I nodded, although I wasn’t very clear about what he meant.
“So,” he went on, “it’ll be best if we share the boot polishing. Right? One day I do yours and mine, the next you do yours and mine. Is that a deal? Apart from that, you will be on duty in the mornings and have the afternoons off, to which a CO’s orderly is entitled. We won’t infringe on any regulations. And there’s another thing you’ll have to take over, something I simply can’t do: the cooking.”
I gave him a long look. “I have a counterproposal,” I said. “Each of us will polish his own boots.
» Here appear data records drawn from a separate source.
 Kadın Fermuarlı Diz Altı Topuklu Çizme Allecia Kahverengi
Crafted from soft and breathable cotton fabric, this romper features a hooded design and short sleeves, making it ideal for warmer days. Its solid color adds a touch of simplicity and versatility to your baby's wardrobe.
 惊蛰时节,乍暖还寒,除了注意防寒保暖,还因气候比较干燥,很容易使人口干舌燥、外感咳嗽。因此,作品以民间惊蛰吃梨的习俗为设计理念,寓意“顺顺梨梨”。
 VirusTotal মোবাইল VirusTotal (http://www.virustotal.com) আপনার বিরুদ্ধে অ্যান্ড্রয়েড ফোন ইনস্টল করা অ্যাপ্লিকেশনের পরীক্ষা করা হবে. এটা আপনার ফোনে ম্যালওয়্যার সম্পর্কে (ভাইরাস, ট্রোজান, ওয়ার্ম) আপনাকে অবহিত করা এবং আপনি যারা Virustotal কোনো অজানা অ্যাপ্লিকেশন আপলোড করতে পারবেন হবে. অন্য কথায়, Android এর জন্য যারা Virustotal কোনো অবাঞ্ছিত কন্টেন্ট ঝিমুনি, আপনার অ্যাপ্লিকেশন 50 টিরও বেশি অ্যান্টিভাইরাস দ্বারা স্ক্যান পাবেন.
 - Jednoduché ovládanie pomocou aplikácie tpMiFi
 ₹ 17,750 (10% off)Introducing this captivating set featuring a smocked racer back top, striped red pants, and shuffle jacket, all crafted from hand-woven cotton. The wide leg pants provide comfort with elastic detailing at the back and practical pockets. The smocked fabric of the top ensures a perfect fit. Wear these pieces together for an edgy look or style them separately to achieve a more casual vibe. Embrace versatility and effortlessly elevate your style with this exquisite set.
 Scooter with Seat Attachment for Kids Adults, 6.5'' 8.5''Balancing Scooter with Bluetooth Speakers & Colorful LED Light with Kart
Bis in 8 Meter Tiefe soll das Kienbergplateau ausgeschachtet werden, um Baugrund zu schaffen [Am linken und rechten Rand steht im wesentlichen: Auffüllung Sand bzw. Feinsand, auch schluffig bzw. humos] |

I’ll be glad to do the cooking and collect our rations.”
“Splendid,” he cried, “splendid! A good idea. Thanks very much.” He shook my hand, raised his glass to me, I raised mine to him. Then
he suddenly stood up, walked toward the big portrait of Hitler that hung on the end wall of the room—an ostentatious affair in a heavy gilt frame—and without a word turned it back to front. His hand was still on the frame when the door opened and Schnecker stood on the threshold.
I jumped to my feet, as stipulated. Schnecker looked first at me, then at your brother, who had meanwhile moved back to the table. Then Schnecker said to me in a low voice, “Leave us, please.”
I walked to the door, saluted, and left the room.
With heavy steps I walked along the corridor, listening intently, but there was nothing to be heard yet, and I supposed he was waiting for my footsteps to die away. I left the house, but walked around to the rear and lay down in the garden under the open window. There was still no sound.
“Well, then,” Captain Schnecker finally said in a calm voice—he had apparently gone over to the wall and turned the picture back to its proper position—“let’s begin by correcting this childishness.”
“May I ask you,” said your brother, his voice just as calm, “whether this is my own living room and whether there is any regulation requiring officers to have portraits of the Führer in their home?”
“No.”
I could hear your brother walking over to the wall, and I knew he was turning the picture around again.
“Good,” said the captain, “excellent. But with your indisputable intelligence it must be clear to you that there is not much room for doubt when in the presence of his subordinate an officer displays loathing for the portrait of his supreme commander.”
“Wrong, my friend. All I loathe is the frame. You know quite well how sensitive I am when it comes to art, and to me it is outright blasphemy to frame the portrait of our modest, simple, soldierly Führer—who has said he won’t take off his soldier’s tunic as long as the war lasts—to stick his portrait in such a garish frame: to me that’s an insult to his person. And, after all, the Führer is also an artist.”